In overclocking my CPU, it seems that the maximum speed that will pass Prime95 for several hours is around 3.42 GHz. Somewhat dissapointing. I still think, however, I should be able to ultimately make it to 3.6, which is my goal at this point.

vCore and FSB are at 1.4v and memory is at 2.1v (factory specified). Specifically, the modules are Corsair "Xtreme Performance" XMS2-6400C4's. These are timed at 4-4-4-12-4.

I got these because I had high hopes of coming close to 400 MHz FSB, but that seems like a pipe dream now (or is it?).

So, with 800 MHz RAM running at about 690 MHz, I feel like I'm missing out on speed.

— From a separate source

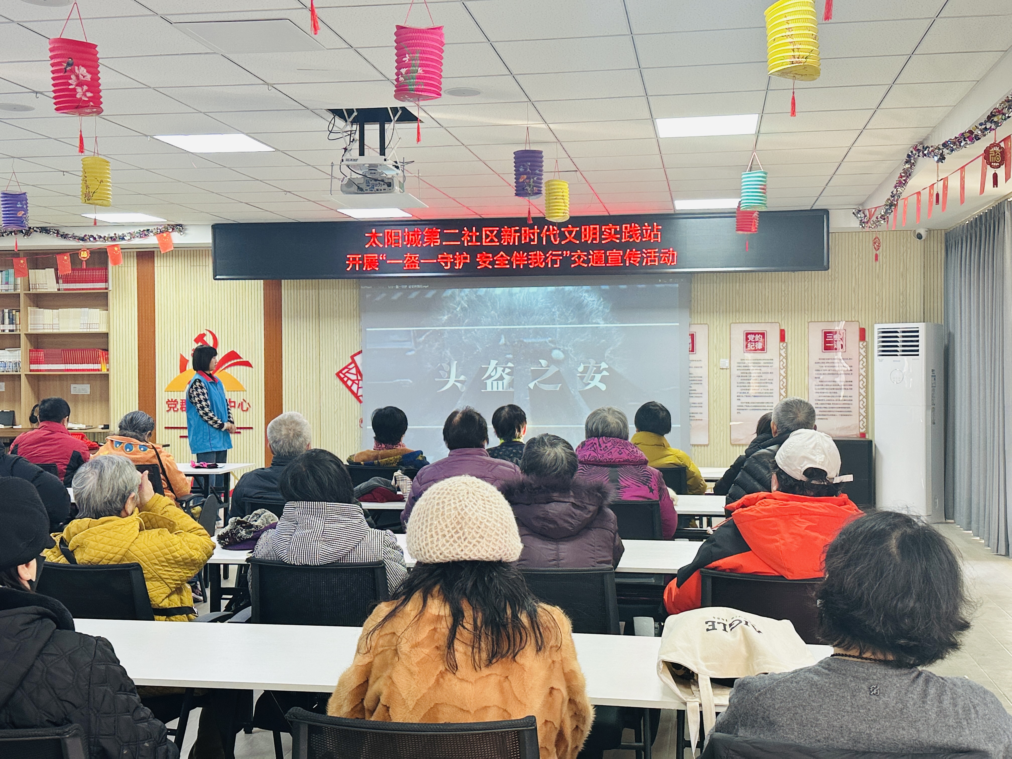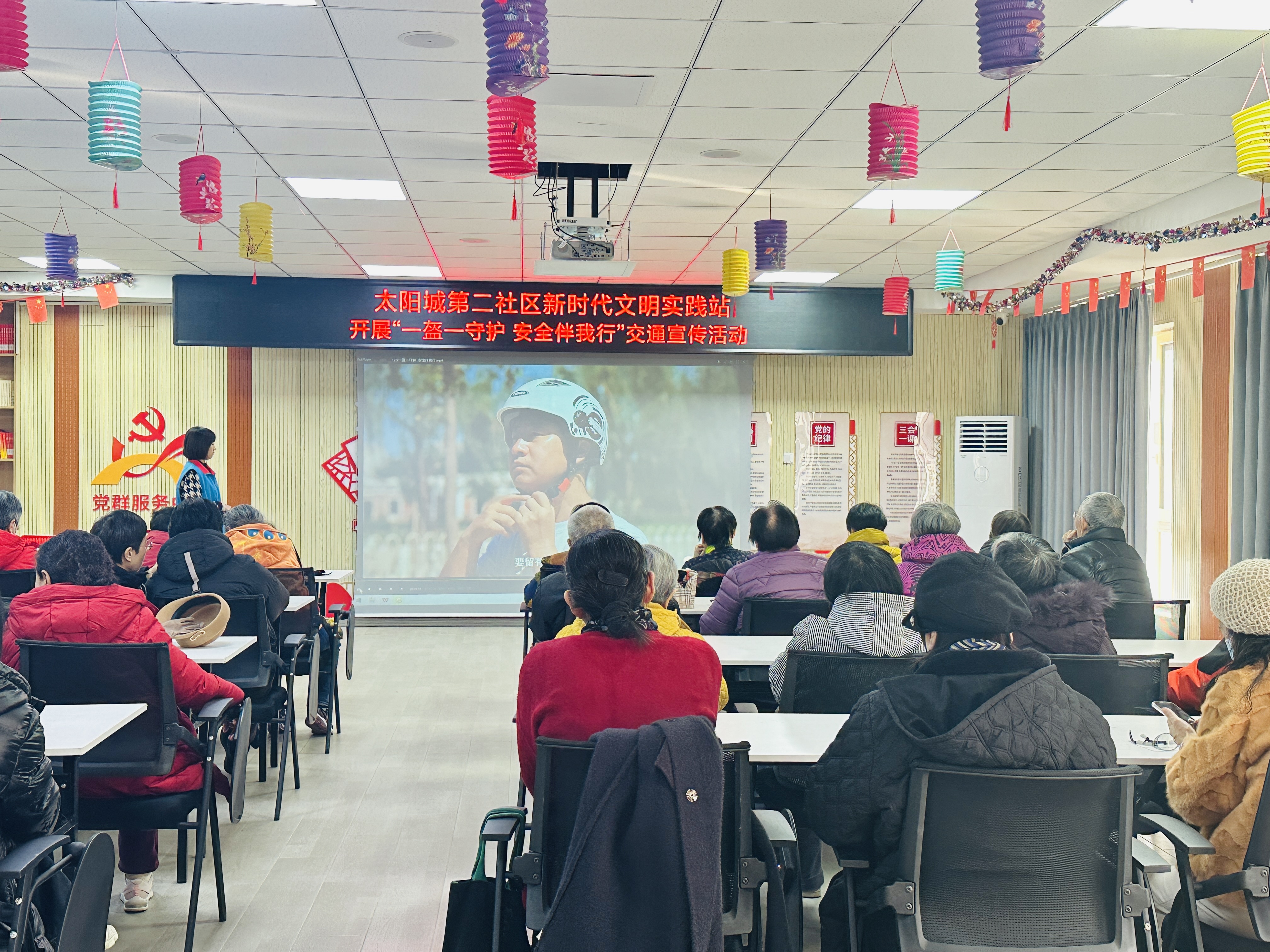为进一步增强社区居民的交通安全意识,筑牢道路交通安全防线,近日,太阳城第二社区新时代文明实践站以“一盔一守护,平安伴我行”为主题,组织开展了交通安全警示教育活动,通过观看纪录片《骑行之规 平安之愿》第六集《头盔之安》,向居民普及交通安全知识,共30名社区居民参加。

Would it make sense to lower the multiplier to 8 or 9 and raise the FSB to 400? If not, can I reduce the some of the latency timings to 3 because the memory is running below its factory-designed speed? Or -- is the answer none of the above and just keep the memory where it is?
November 25, 2006 4:03:59 AM

Set your fsb to 360 and Vcore to 1.575
Set your ram at 5 5 5 15 then play with the timings after you get the clocks your after
Did you read wusys guide?
I don’t know what kind of cooling you have so you may be stuck at lower clocks.
Not all the cpus clock the same and if your cooling is inadequate you’ll never maintain your goal
November 25, 2006 4:24:00 AM

Hi kwalker,

I appreciate your response. I have indeed read wusy's guide, and I've looked at several other resources as well.

My cooling solution is air-based, and is a Zalman CNPS9700 LED (note that this isn't the CNPS9500). I have tested several coolers (including the Big Typhoon) and find this to be a cream-of-the-crop air cooler:



I will try increasing the voltage, but what good could it do increasing my timings to 5-5-5-15 when they are designed to operate in 4-4-4-12 at 800 MHz? Based on your signature, I see you have DDR2 667 RAM, so I could see why that would make sense on your rig, but it seems to me like it could only slow mine down unnecessarily. Then again, you've got two processors listed in your sig, so I'm not sure what your setup is. The link you provide shows a crazy overclock. What is your cooling solution?
Related resources
November 25, 2006 4:26:16 AM

its just to get you started
November 25, 2006 4:33:33 AM

Quote:
its just to get you started


Looks like we're writing in real time. I actually edited my response to you while you responded.. the reason being that your signature link shows a crazy overclock. With what are you cooling your 6600 to get to almost 4 GHz?
November 25, 2006 4:35:03 AM

swiftech
a b à CPUs
November 25, 2006 5:10:58 AM

Quote:
Hi kwalker,

I appreciate your response. I have indeed read wusy's guide, and I've looked at several other resources as well.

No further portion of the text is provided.